Screenshots of new feature/change

This PR outputs the URL that had the connection error and continues further processing as follows.

fukusuke@fukusukenoAir TorBot % poetry run python run.py --gather
Gathering data for https://thehiddenwiki.org
Processing... |                                | 3/110/Users/fukusuke/Library/Caches/pypoetry/virtualenvs/torbot-xIJhVHKw-py3.9/lib/python3.9/site-packages/bs4/builder/__init__.py:545: XMLParsedAsHTMLWarning: It looks like you're parsing an XML document using an HTML parser. If this really is an HTML document (maybe it's XHTML?), you can ignore or filter this warning. If it's XML, you should know that using an XML parser will be more reliable. To parse this document as XML, make sure you have the lxml package installed, and pass the keyword argument `features="xml"` into the BeautifulSoup constructor.
  warnings.warn(
Processing... |#                               | 6/110
Failed to connect to [http://s4k4ceiapwwgcm3mkb6e4diqecpo7kvdnfr5gg7sph7jjppqkvwwqtyd.onion/].
Processing... |##                              | 7/110
...
Processing... |#######################         | 82/110
Failed to connect to [http://bible4u2lvhacg4b3to2e2veqpwmrc2c3tjf2wuuqiz332vlwmr4xbad.onion/].
Processing... |########################        | 83/110
Failed to connect to [http://kx5thpx2olielkihfyo4jgjqfb7zx7wxr3sd4xzt26ochei4m6f7tayd.onion/].
Processing... |########################        | 84/110
Failed to connect to [http://nv3x2jozywh63fkohn5mwp2d73vasusjixn3im3ueof52fmbjsigw6ad.onion/].
Processing... |################################| 110/110
Data has been saved to /Users/fukusuke/Scripts/Python/TorBot/data/torbot_2023-01-16T19:53:48.130615.csv.

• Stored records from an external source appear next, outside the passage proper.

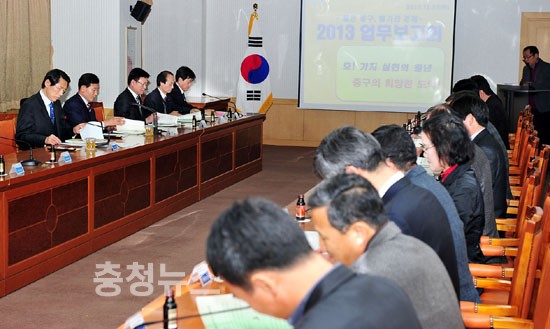 대전광역시 중구(구청장 박용갑)은 27일 원도심의 구조적 한계와 재정의 열악함 속에서도 서민경제를 활성화하고 구민복리 증진을 위해 온 힘을 다했던 2012년을 마무리하며 새롭게 비상하는 중구 건설을 위한 2013년 업무보고회를 개최했다.
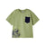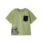 Playera de manga corta para niño de 3 a 9 años. Cuello redondo. Silueta relajada skater fit, con hombros caídos y patrón ligeramente oversize. Bolsillo funcional en la parte delantera. Diseño estampado.
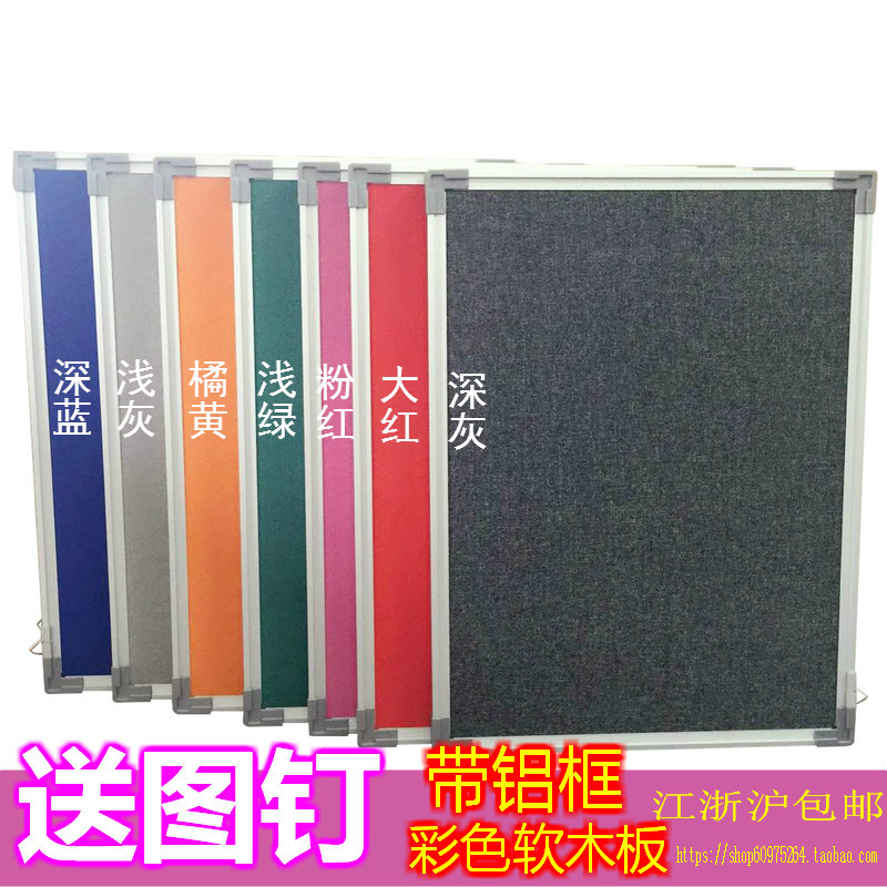 铝框彩色麻布f软木板照片墙90*120CM水松板留言学校公告栏展示板

I would appreciate it if you could review. Regards.

PSNAppz commented 1 year ago

@fukusuket Thanks for noticing it and for the PR! @KingAkeem What do you think?

KingAkeem commented 1 year ago

This looks good to me, if you've tested it out and it's working then I'm fine with merging. If not, I'll check it out sometime this week.

fukusuket commented 1 year ago

@KingAkeem Thanks for the quick review :) I have tested as follows.

log level info(XMLParsedAsHTMLWarning was there before the fix. Therefore, it is irrelevant to this fix )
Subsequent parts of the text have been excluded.